日本の歴史を紐解けば、最初に存在した宗教は神道でした。奈良時代に日本に渡来した仏教ですが、平安仏教に始まり、鎌倉時代には鎌倉仏教と呼ばれる仏教改革がありました。浄土思想の普及や、禅宗が伝わることで新しく成立した仏教宗派のことを鎌倉仏教と呼ぶのです。
平安仏教が貴族仏教であったのに対し、臨済宗や曹洞宗などが武士階級に、浄土宗、浄土真宗、時宗、日蓮宗などが一般庶民へと広がりました。鎌倉新仏教と呼ばれるものには、以下のものがあります。
浄土宗は法然を開祖として、阿弥陀如来を本尊としています。『南無阿弥陀仏』は阿弥陀仏に帰依(南無)しますという意味です。法然は43歳の時に、善導撰述の『勧無量寿経疏』により、専修念仏の道に進みます。叡山をおりて東山吉水に住んで、念仏の教えを広めたのです。

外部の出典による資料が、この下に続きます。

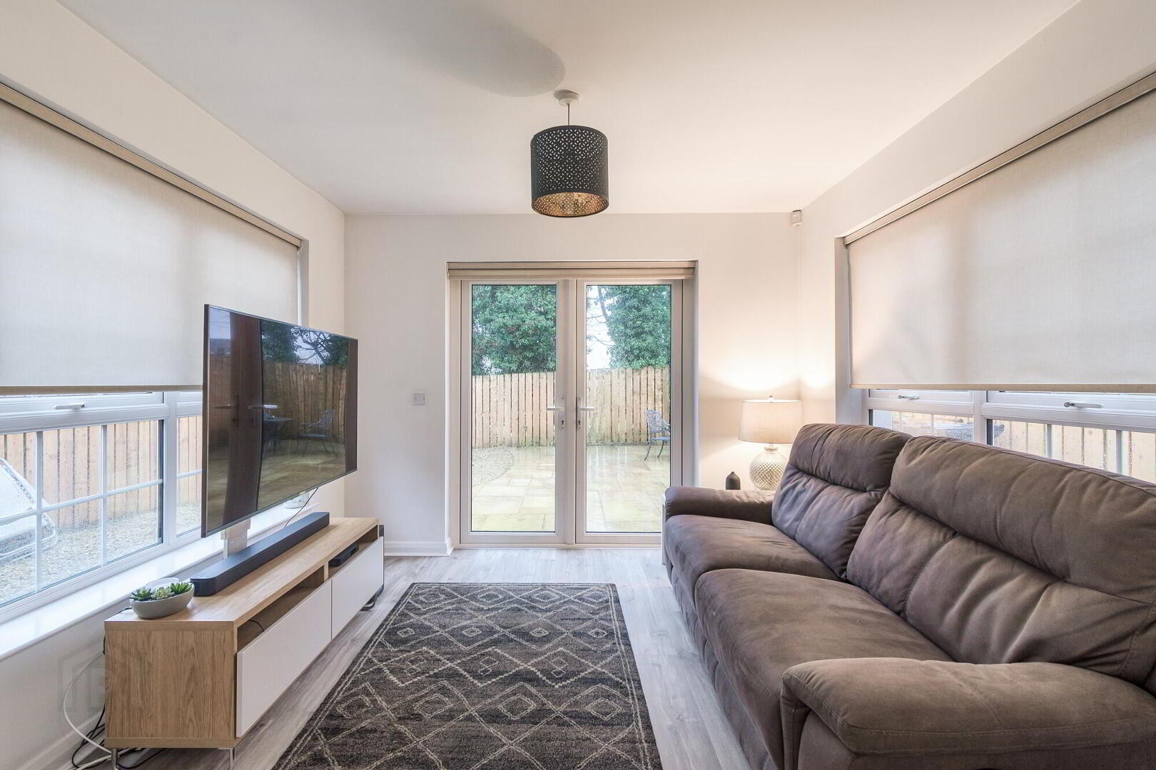 Wooden laminate flooring. Double patio doors to garden.

浄土真宗は、浄土宗開祖の法然の弟子、親鸞が浄土宗の教えを受け継ぎ、発展させたものです。門徒宗とも呼ばれます。浄土真宗とは、真の宗教である浄土宗の教えという意味で、親鸞は法然のもとから独立して開宗するつもりはなく、恩師である法然に師事できたことを、生涯の喜びとしていました。
臨済宗は、中国の禅宗五家の一つで、中国に渡って学んだ栄西らによって日本に伝えられました。師の立場にあるものから、弟子への悟りの伝達を大事にします。臨済宗は武家政権に支持され、政治や文化に重んじられていました。
臨済宗と同じ、中国の禅宗五家の一つです。日本へは道元が伝えました。豪族や下級武士、一般の民衆に広まった宗教で、『南無釈迦牟尼仏』と釈迦を本尊として扇ぎます。即心即仏の心で坐禅によって働きかけます。
鎌倉時代の末期におこった、浄土教の一宗派が時宗です。時宗の教えは、阿弥陀仏への信・不信を問わず、念仏を唱えると誰でも往生できると教えました。仏の本願力は絶対なので、信じない人にまで及ぶという考えからです。
法華宗は、日蓮を宗祖としています。法華宗本門流、陣門流、真門流、本門法華宗、など、日蓮を祖とする分派はまだまだ数多くあります。
南都仏教(旧仏教)の中で、新仏教に刺激されて新しい動きが生まれました。
日本における華厳宗は、中国での第3祖、法蔵門下の審祥によって伝えられました。華厳経の思想が反映され、東大寺の大仏、盧舎那仏像が建立されました。さらに明恵によって密教思想が取り込まれ、凝念が教学の確立をしています。
法相とは、存在のあり方を指します。
真言宗は空海によって開山されました。日本では、真言密教を実践するための作法や、修法の作法などの違いにより、分派していきます。教学は空海によって大成されていたので、宗内での論争はありませんでした。覚鑁が高野山で秘密念仏思想を提唱、台伝法院を創建し、教学を盛んにするための大伝法海の復興も行いました。東寺からの独立を計画し、東寺長官が金剛峯寺の座主を兼任することを廃止し、自らが座主に任命されましたが、反発を受けて失敗しました。
真言律宗は、真言密教の教えに基づき、金剛乗の戒律を学ぶ一派です。西大寺の叡尊を中輿の祖としています。空海は高祖とされています。叡尊は、それまであった荒廃した仏教に対する批判から、国が定めた手続きを踏まなければ認められなかった授戒を覚盛と共に、自らが行いました。戒律に対する考えの違いで覚盛と一線を引くことになりますが、覚盛の以来で、西大寺の再興を引き受け、さらに法華寺や般若寺の再興も手がけ、朝廷の許可を得ずに、独自の戒壇を設置しました。その後、弟子の忍性が叡尊が十分にできなかった民衆への不況に才能を発揮し、鎌倉に極楽寺を建立しました。これが真言律宗の起源です。叡尊の行ったことは、鎌倉旧仏教からの改革という位置づけをされていましたが、近年ではこれを疑問視する声があがり、真言宗や律宗の枠を超えた新宗派だとし、鎌倉新仏教にはいるのではないかとも言われています。